Pour garder le poil luisant et un look impeccable, des coussinets jusqu’à la pointe de la truffe, Aglaé, coquette spitz des beaux quartiers parisiens, s’est fait offrir son toilettage de printemps à l’Alpha Dogs' House, un authentique spa pour boules de poils, niché près du Louvre. Au programme : shampoing, coupe, "pattucure" (soin des pattes et griffes) et pour finir, séance de massage et de luminothérapie, spécialité maison aux effets supposés anti-inflammatoires et relaxants. «On m’a assuré que cela aurait un effet bénéfique sur son anxiété», assure Ingrid, sa propriétaire. Au total, cette "dog mum" – en français, maman de chien – ainsi qu’elle se définit elle-même, aura déboursé 190 euros pour ces deux heures de papouilles canines.

Parfum spécial Médor

Décidément, rien n’est trop beau pour le meilleur ami de l’homme ! «Les maîtres considèrent désormais leur animal comme un membre à part entière de leur famille, parfois même comme leur enfant. Cela les incite à privilégier des produits et prestations de qualité», analyse Mélanie Gauthier, la fondatrice de Pet Cheri, une conciergerie haut de gamme qui propose exclusivement ses services aux animaux de compagnie. Outre les traditionnelles gardes (50 euros la journée) et promenades (25 euros l’heure), elle dispense divers soins et massages – l’enveloppement aux algues, à partir de 100 euros, devient un must – et s’adapte aux demandes les plus insolites, comme l’organisation de goûters d’anniversaire et même de Noëls spécial toutou, facturés jusqu’à 1 000 euros.

Too much ? Pas plus que Fefé, le premier parfum pour chien lancé il y a deux ans par Dolce & Gabbana (99 euros le flacon de 100 millilitres) ! L’anthropomorphisme, cette étrange manie que nous avons d’attribuer aux bêtes des envies ou des besoins semblables aux nôtres, fait de nos compagnons à quatre pattes des poules aux œufs d’or. Dans l’alimentation, les accessoires, l’habillement, le tourisme et même les gadgets high-tech, le chien est devenu la cible des as du marketing. Qui n’ont sûrement pas fini de nous surprendre.

Alimentation : pour toutou, c’est moelleux à l’apéro et glace au dessert !

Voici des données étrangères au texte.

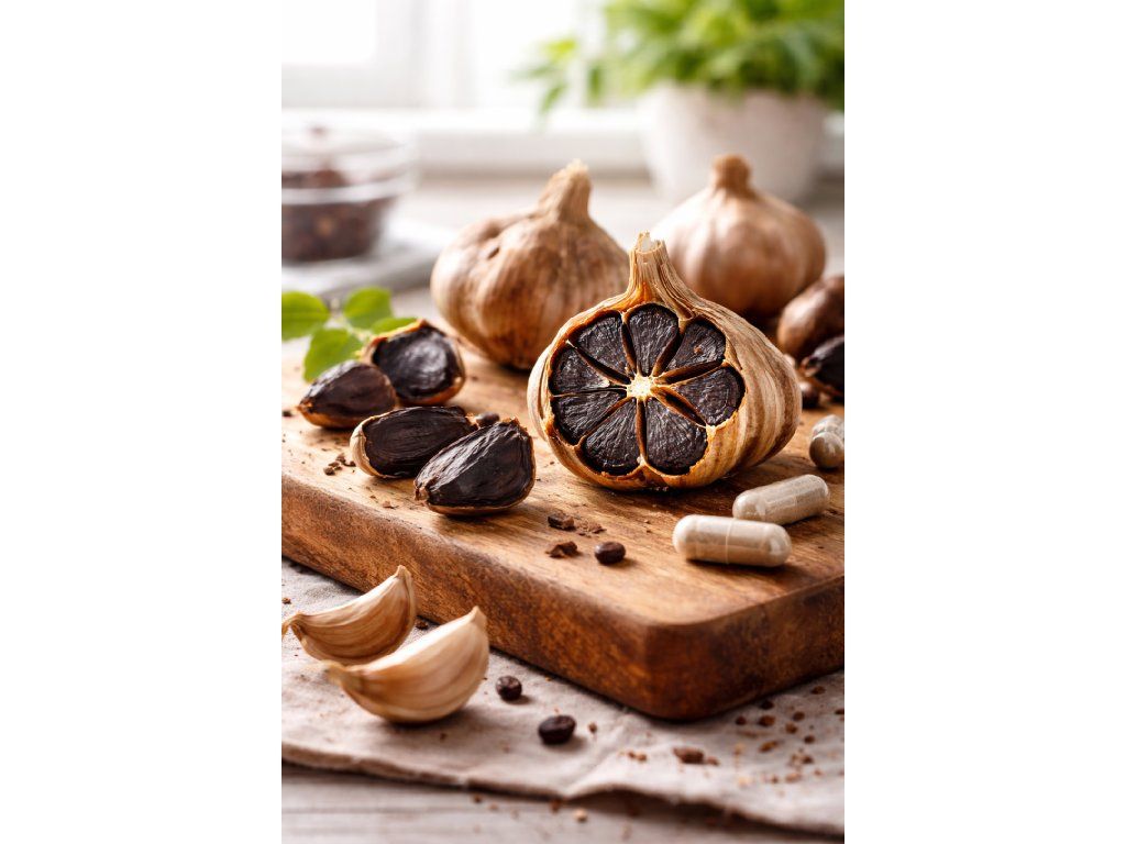 Černý česnek je vpravdě raritou. Jedná se o česnek kuchyňský (Allium sativum), který je umístěn do speciální komory s velmi přesně stanovenou teplotou a vlhkostí, kde po dobu několika týdnů fermentuje, čímž získá svoji typickou černou barvu. Proč to všechno? Fermentace jej zbaví nepříjemného odéru a palčivé chuti. Černý česnek nedráždí sliznice zažívacího ústrojí. Přirozeně pomáhá udržovat normální hladinu cholesterolu a tuků v krvi. Dále podporuje normální funkci srdce a cév a pomáhá při pocitech těžkých nohou. Působí rovněž jako antioxidant a posiluje imunitní systém. Každá kapsle tohoto doplňku stravy představuje 1 stroužek čerstvého (bílého) česneku.

Le péché mignon de Shlomo ? La glace aromatisée au poulet rôti. Dès que les rayons du soleil lui échauffent un peu trop le museau, ce petit carlin de 5 ans et demi lorgne sur cette friandise rafraîchissante, lancée voilà deux ans par son maître, Jordan Zaluski. «La recette, conçue avec un vétérinaire nutritionniste, nous a demandé six mois de préparation», confie cet ex-avocat et banquier d’affaires reconverti dans la "dog food". Delamour, sa marque de snacks gourmands, assure concilier le plaisir des papilles avec la santé de l’animal. «Nos glaces artisanales contiennent 50% de sucre et 30% de matières grasses en moins par rapport aux autres produits industriels, ainsi que des probiotiques qui favorisent la digestion», assure-t-il. Toutou kiffe à tous les coups. Pendant qu’il met quatre à six minutes à lécher un pot de glace (comptez 4,95 euros les 90 millilitres), son cerveau de canidé libère des endorphines, une hormone du plaisir. Résultat ? «Un chien qui consomme notre glace bat de la queue 70 fois par minute, en moyenne», a mesuré l’expert canin qui propose aussi des glaces à base de vitamines ou de spiruline. Sa marque se décline sur Internet, dans les concept stores canins, dans des cliniques vétérinaires et même dans des palaces, comme le Château de la Messardière à Saint-Tropez. Elle est en discussion avec Picard et vient de débarquer chez Monoprix pour distribuer ses "pépites", des compléments alimentaires au bœuf, poulet ou cabillaud visant à renforcer les articulations de Médor ou l’aider à déstresser.